** Provided records follows **

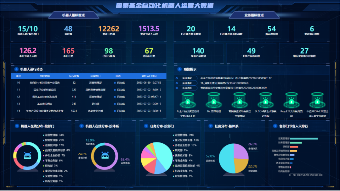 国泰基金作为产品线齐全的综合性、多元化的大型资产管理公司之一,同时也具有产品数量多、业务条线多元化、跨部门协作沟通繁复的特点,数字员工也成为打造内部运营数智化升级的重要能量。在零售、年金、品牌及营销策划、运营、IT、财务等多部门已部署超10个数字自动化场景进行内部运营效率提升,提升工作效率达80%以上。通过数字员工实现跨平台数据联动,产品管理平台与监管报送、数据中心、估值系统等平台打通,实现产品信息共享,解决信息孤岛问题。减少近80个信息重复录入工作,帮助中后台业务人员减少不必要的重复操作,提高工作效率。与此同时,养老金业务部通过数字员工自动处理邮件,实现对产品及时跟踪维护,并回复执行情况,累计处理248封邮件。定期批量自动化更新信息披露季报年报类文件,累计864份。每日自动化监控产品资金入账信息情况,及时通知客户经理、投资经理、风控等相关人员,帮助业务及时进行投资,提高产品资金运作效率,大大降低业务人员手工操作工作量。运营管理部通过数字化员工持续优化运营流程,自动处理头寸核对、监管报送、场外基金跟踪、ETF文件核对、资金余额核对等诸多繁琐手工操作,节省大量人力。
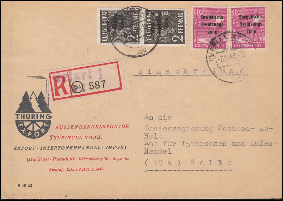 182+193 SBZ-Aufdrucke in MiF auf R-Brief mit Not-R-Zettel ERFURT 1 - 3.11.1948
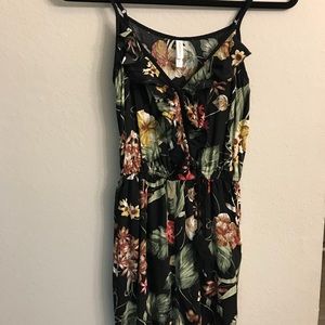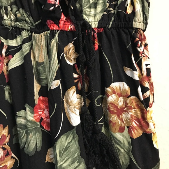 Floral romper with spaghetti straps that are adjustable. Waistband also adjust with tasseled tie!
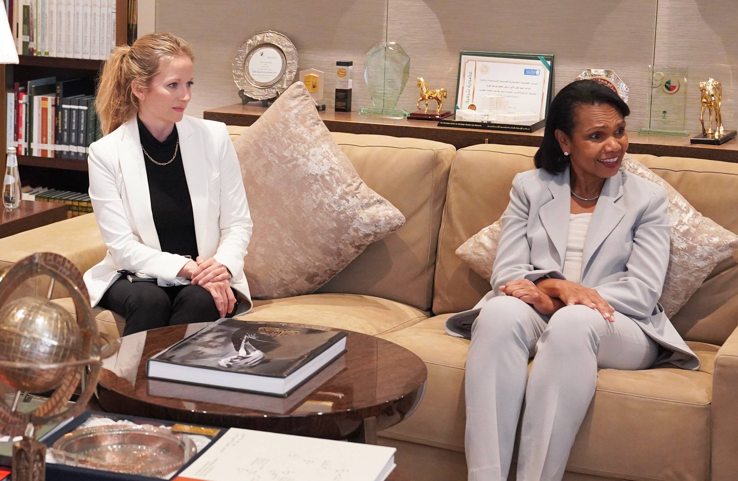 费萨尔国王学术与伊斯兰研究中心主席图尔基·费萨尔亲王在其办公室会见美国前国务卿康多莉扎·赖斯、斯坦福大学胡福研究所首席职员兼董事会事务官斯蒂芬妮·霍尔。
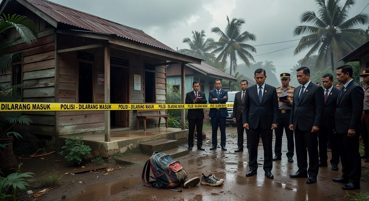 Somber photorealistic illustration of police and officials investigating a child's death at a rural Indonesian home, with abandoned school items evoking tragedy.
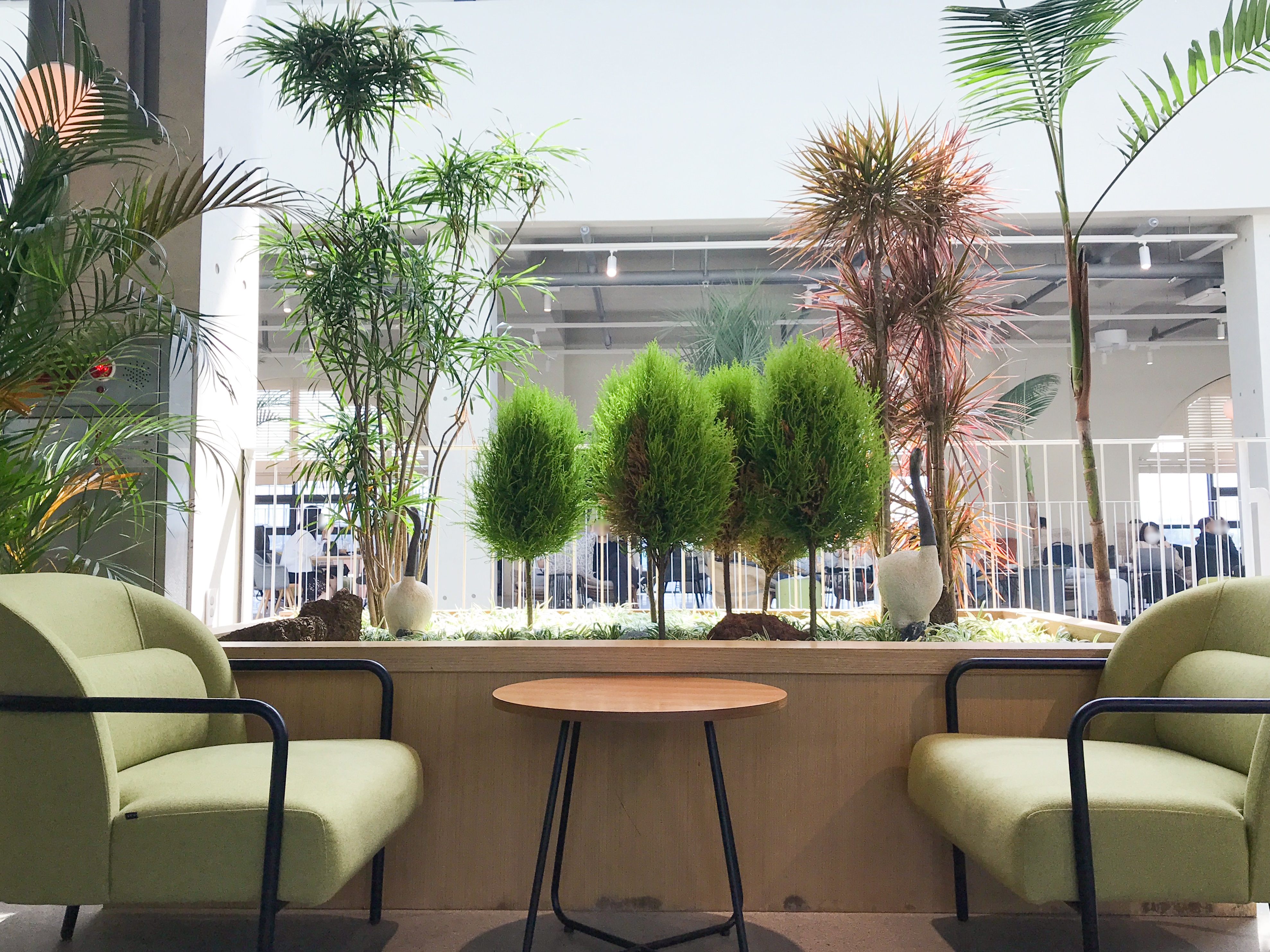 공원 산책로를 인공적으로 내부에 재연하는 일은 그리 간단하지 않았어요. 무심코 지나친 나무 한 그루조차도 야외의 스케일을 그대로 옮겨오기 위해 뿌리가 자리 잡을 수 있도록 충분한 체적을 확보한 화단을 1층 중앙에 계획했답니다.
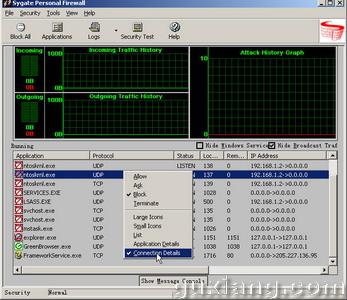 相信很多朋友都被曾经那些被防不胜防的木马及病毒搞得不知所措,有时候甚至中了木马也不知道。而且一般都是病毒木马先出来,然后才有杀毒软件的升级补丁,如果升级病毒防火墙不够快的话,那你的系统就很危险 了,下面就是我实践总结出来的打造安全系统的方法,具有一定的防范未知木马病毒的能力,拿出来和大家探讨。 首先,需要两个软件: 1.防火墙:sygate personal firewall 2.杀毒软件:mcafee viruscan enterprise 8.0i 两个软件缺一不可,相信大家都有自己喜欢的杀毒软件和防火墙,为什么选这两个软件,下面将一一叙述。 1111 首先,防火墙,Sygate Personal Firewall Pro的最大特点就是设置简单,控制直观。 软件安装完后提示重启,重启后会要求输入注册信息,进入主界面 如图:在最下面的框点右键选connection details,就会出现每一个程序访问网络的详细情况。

** End of Provided records **
** Provided records follows **

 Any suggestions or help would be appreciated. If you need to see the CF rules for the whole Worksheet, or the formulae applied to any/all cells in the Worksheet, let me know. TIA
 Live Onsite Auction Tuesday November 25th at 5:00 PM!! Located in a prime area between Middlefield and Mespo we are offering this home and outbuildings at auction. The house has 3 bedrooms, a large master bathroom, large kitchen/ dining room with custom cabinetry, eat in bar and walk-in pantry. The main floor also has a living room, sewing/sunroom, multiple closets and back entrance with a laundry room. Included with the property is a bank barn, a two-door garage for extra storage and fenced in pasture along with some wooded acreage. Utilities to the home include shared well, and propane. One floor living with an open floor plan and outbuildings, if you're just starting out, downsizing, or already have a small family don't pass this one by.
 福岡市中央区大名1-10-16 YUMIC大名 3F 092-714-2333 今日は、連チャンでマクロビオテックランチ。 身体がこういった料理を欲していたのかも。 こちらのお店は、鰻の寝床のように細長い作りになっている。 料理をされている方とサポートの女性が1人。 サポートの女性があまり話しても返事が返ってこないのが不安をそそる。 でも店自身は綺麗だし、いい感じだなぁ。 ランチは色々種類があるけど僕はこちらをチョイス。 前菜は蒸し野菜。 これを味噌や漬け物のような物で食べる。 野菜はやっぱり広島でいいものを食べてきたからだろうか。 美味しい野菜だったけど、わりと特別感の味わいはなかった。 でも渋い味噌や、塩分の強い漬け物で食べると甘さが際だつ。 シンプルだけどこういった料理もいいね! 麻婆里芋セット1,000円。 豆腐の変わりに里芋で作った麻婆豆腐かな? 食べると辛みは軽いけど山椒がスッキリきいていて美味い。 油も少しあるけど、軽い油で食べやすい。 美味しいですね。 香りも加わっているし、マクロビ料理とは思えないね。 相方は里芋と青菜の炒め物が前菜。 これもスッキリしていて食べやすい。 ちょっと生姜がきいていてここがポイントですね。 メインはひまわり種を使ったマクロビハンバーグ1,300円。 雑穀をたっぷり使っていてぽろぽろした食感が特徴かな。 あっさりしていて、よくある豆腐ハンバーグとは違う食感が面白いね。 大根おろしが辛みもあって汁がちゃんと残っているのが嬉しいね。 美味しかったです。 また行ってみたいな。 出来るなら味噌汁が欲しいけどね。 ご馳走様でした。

** End of Provided records **

Your answer should be the exact lines above from the one containing "费萨尔国王学术与伊斯兰研究中" through the one containing "首先,需要两个软件: 1.防火墙:sygate personal", with both end lines kept and the pictures removed, please.

Completed task
 费萨尔国王学术与伊斯兰研究中心主席图尔基·费萨尔亲王在其办公室会见美国前国务卿康多莉扎·赖斯、斯坦福大学胡福研究所首席职员兼董事会事务官斯蒂芬妮·霍尔。
 Somber photorealistic illustration of police and officials investigating a child's death at a rural Indonesian home, with abandoned school items evoking tragedy.
 공원 산책로를 인공적으로 내부에 재연하는 일은 그리 간단하지 않았어요. 무심코 지나친 나무 한 그루조차도 야외의 스케일을 그대로 옮겨오기 위해 뿌리가 자리 잡을 수 있도록 충분한 체적을 확보한 화단을 1층 중앙에 계획했답니다.
 相信很多朋友都被曾经那些被防不胜防的木马及病毒搞得不知所措,有时候甚至中了木马也不知道。而且一般都是病毒木马先出来,然后才有杀毒软件的升级补丁,如果升级病毒防火墙不够快的话,那你的系统就很危险 了,下面就是我实践总结出来的打造安全系统的方法,具有一定的防范未知木马病毒的能力,拿出来和大家探讨。 首先,需要两个软件: 1.防火墙:sygate personal firewall 2.杀毒软件:mcafee viruscan enterprise 8.0i 两个软件缺一不可,相信大家都有自己喜欢的杀毒软件和防火墙,为什么选这两个软件,下面将一一叙述。 1111 首先,防火墙,Sygate Personal Firewall Pro的最大特点就是设置简单,控制直观。 软件安装完后提示重启,重启后会要求输入注册信息,进入主界面 如图:在最下面的框点右键选connection details,就会出现每一个程序访问网络的详细情况。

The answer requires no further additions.